Work request – From the entries below, print exactly the span beginning with the line holding "结婚伴手礼小号茶色简约香薰蜡烛家用室内香氛酒店香氛蜡烛80g" and ending with the line holding "И в бунгало, и", endpoints included, and skip any pictures.

Record extracts –
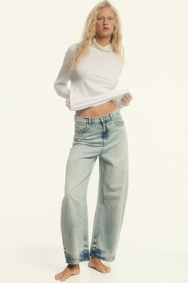 Dione balloon τζιν, κλείσιμο με κουμπί και φερμουάρ, με τσέπες, ψηλόμεσο, βαμβακερό
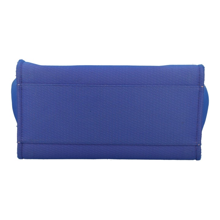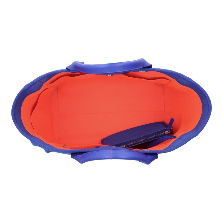 Modell in Blau mit silberfarbener Hardware, Glattlederdetails, Logo-Stickerei auf der Front in Orange, kurze und lange Doppelhenkel. Innenraum in Orange mit drei Fächer, eines davon mit Reißverschluss. ID-Card und Rechnung anbei. Leichter Abrieb und leichte Flecken vorhanden. 38x20x29cm.
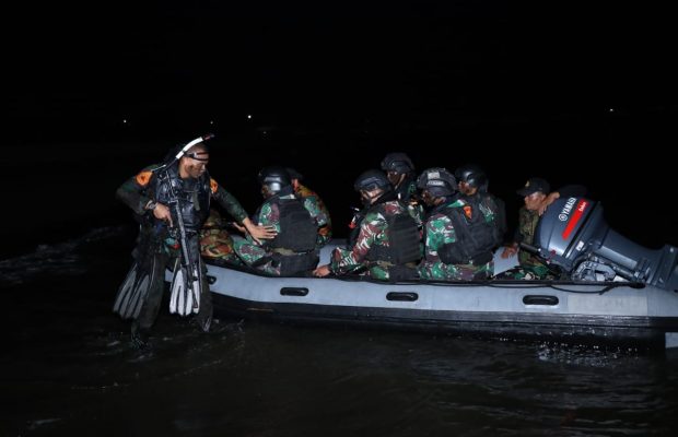 Jurnalline.com, AAL, Surabaya – Latihan praktek (Lattek) Bhumyamca Yudha yang diikuti 13 Taruna Akademi TNI Angkatan Laut (AAL) Korps Marinir Tingkat IV Angkatan ke-69, bersama dengan satuan pendukung dari Yonif-5 dan Pasmar-2, melaksanakan materi Pendaratan Khusus (Ratsus) dengan menggunakan 4 unit perahu karet yang diangkut dengan KRI TLE-517 di daerah latihan Situbondo, Jawa Timur, Jumat (15/12).
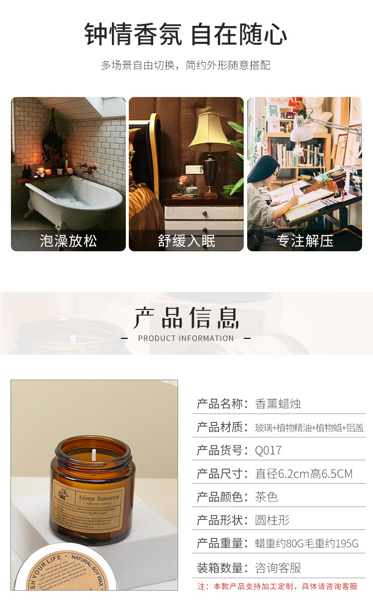 结婚伴手礼小号茶色简约香薰蜡烛家用室内香氛酒店香氛蜡烛80g
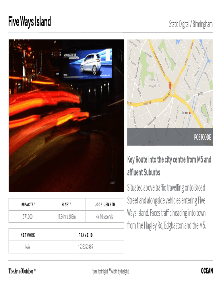 Five Ways IslandStatic Digital / BirminghamPOSTCODEI M PA C T S *SIZE**LOOP LENGTH571,00011.84 m × 2.88m4 x 10 secondsNETWORKFRAME IDN/A1235323487Key Route Into the city center from M5 and
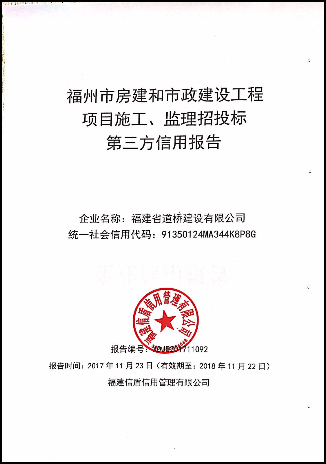 福建省道橋建設有限公司XDJB201711092
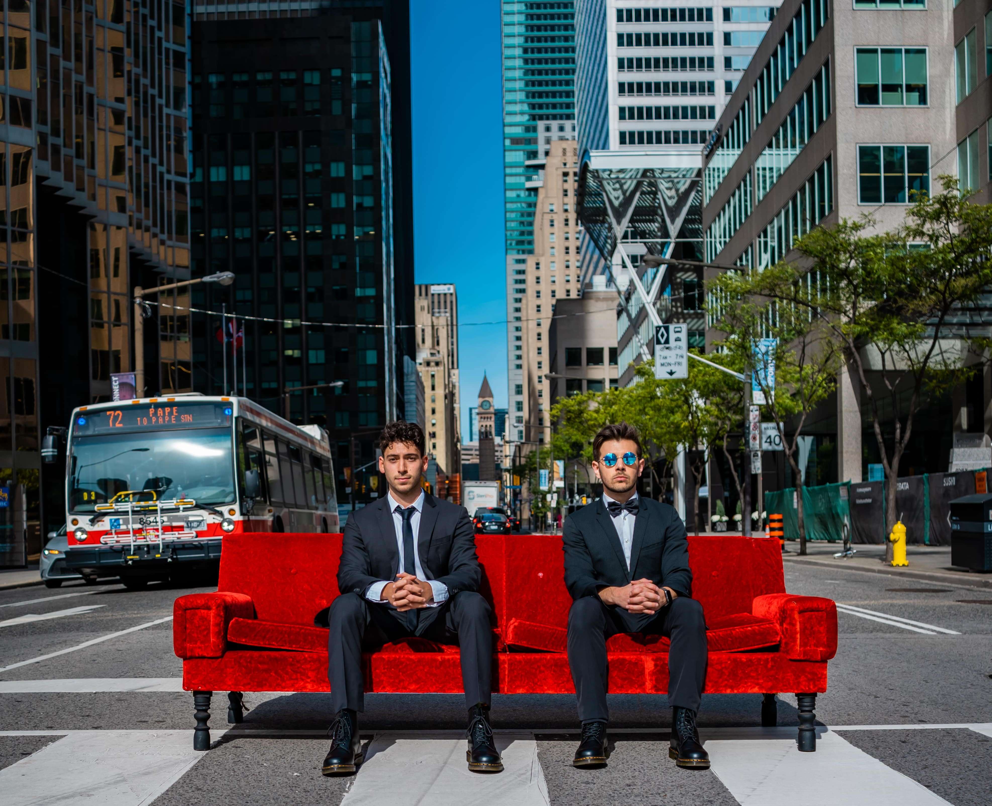 Crash Adams’ pop songs carry the same kind of mood-boosting power as a hit of pure dopamine. After years of developing their magnetic personalities on social media, the Toronto-bred duo brought their energy to the world with the video for their nostalgic breakthrough single “Give Me a Kiss.” The duo has organically built an online fan base and found their niche with videos highlighting their positive attitude, vibrant suits and iconic red couch from Crash’s grandmother’s house. From the memorable, melodic March 2020 single “Caroline” to the October 2022 romantic bop “Destination,” Crash Adams has generated 1.2 billion views and 43 million audio streams across platforms. For the duo, the success has been a sign that they’re on the right track—that everything they dreamed of is within reach. Not that they ever had any doubts.
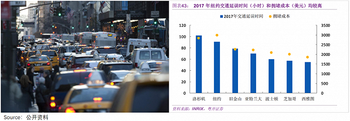 然而,这些城市的拥堵程度,远超预期。以纽约为例,2017年平均每位司机的堵车时间,高达100小时。
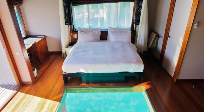 И в бунгало, и в номерах Maitai Polynesia Bora-Bora имеются небольшой бар с напитками, большой современный телевизор и кондиционер. Изюминкой бунгало этого отеля на Бора-Бора являются столы, изготовленные из прочного стекла, через которые постояльцы могут любоваться на экзотических рыб, живущих в океане.
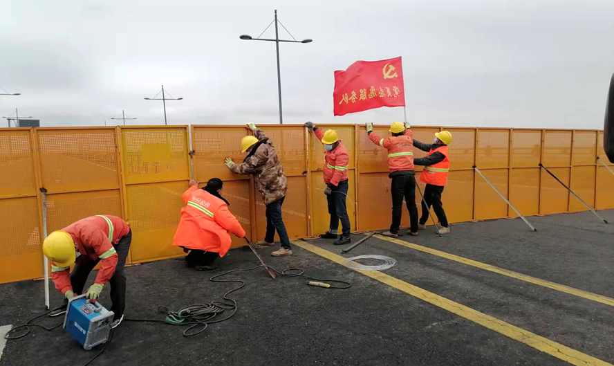 安裝加固步步到位。“今天市政在崗9人。”17號(hào)一大早,市政經(jīng)理高峰就準(zhǔn)時(shí)在公司防疫管理群里報(bào)告人數(shù)。可是此時(shí)這崗位卻設(shè)在狂風(fēng)凌洌、無遮無擋的海濱大道上。肆虐的狂風(fēng)吹倒了許多防護(hù)欄,從清晨開始,高峰就帶領(lǐng)市政突擊隊(duì)沿著合作路、海濱大道等八個(gè)路段一路巡查一路搶修。面對(duì)狼藉的現(xiàn)場(chǎng),高峰沉著冷靜,有條不紊地帶著大家用力地扶起扶正,再加樁固定。施工現(xiàn)場(chǎng),風(fēng)聲伴著加油的號(hào)聲、汗水伴著有節(jié)奏地敲擊聲,這場(chǎng)景,不正是一幅感人的“錚錚鐵骨鑄堅(jiān)壁”的動(dòng)人畫卷嗎?自3月5日疫情襲來,市政突擊隊(duì)就馬不停蹄地奮戰(zhàn)在新區(qū)的各個(gè)角落。施工期間,高峰他們白天黑夜地連軸轉(zhuǎn),中午來不及休息便蹲在路邊吃快餐,為了搶工期,有時(shí)竟加班到深夜12點(diǎn)。短短的10天,他們?cè)谧龊闷渌姓?wù)工作的同時(shí),已經(jīng)先后安裝完成了2000多米的道路圍擋,讓病疫“無路可逃”。
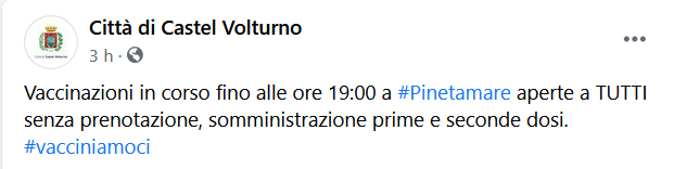 Questo il post pubblicato sulla pagina Facebook della Città di Castel Volturno: "Vaccinazioni in corso - si legge - fino alle ore 19:00 a Pinetamare aperte a TUTTI senza prenotazione, somministrazione prime e seconde dosi. Vacciniamoci - conclude".

Output for this task –
 结婚伴手礼小号茶色简约香薰蜡烛家用室内香氛酒店香氛蜡烛80g
 Five Ways IslandStatic Digital / BirminghamPOSTCODEI M PA C T S *SIZE**LOOP LENGTH571,00011.84 m × 2.88m4 x 10 secondsNETWORKFRAME IDN/A1235323487Key Route Into the city center from M5 and
 福建省道橋建設有限公司XDJB201711092
 Crash Adams’ pop songs carry the same kind of mood-boosting power as a hit of pure dopamine. After years of developing their magnetic personalities on social media, the Toronto-bred duo brought their energy to the world with the video for their nostalgic breakthrough single “Give Me a Kiss.” The duo has organically built an online fan base and found their niche with videos highlighting their positive attitude, vibrant suits and iconic red couch from Crash’s grandmother’s house. From the memorable, melodic March 2020 single “Caroline” to the October 2022 romantic bop “Destination,” Crash Adams has generated 1.2 billion views and 43 million audio streams across platforms. For the duo, the success has been a sign that they’re on the right track—that everything they dreamed of is within reach. Not that they ever had any doubts.
 然而,这些城市的拥堵程度,远超预期。以纽约为例,2017年平均每位司机的堵车时间,高达100小时。
 И в бунгало, и в номерах Maitai Polynesia Bora-Bora имеются небольшой бар с напитками, большой современный телевизор и кондиционер. Изюминкой бунгало этого отеля на Бора-Бора являются столы, изготовленные из прочного стекла, через которые постояльцы могут любоваться на экзотических рыб, живущих в океане.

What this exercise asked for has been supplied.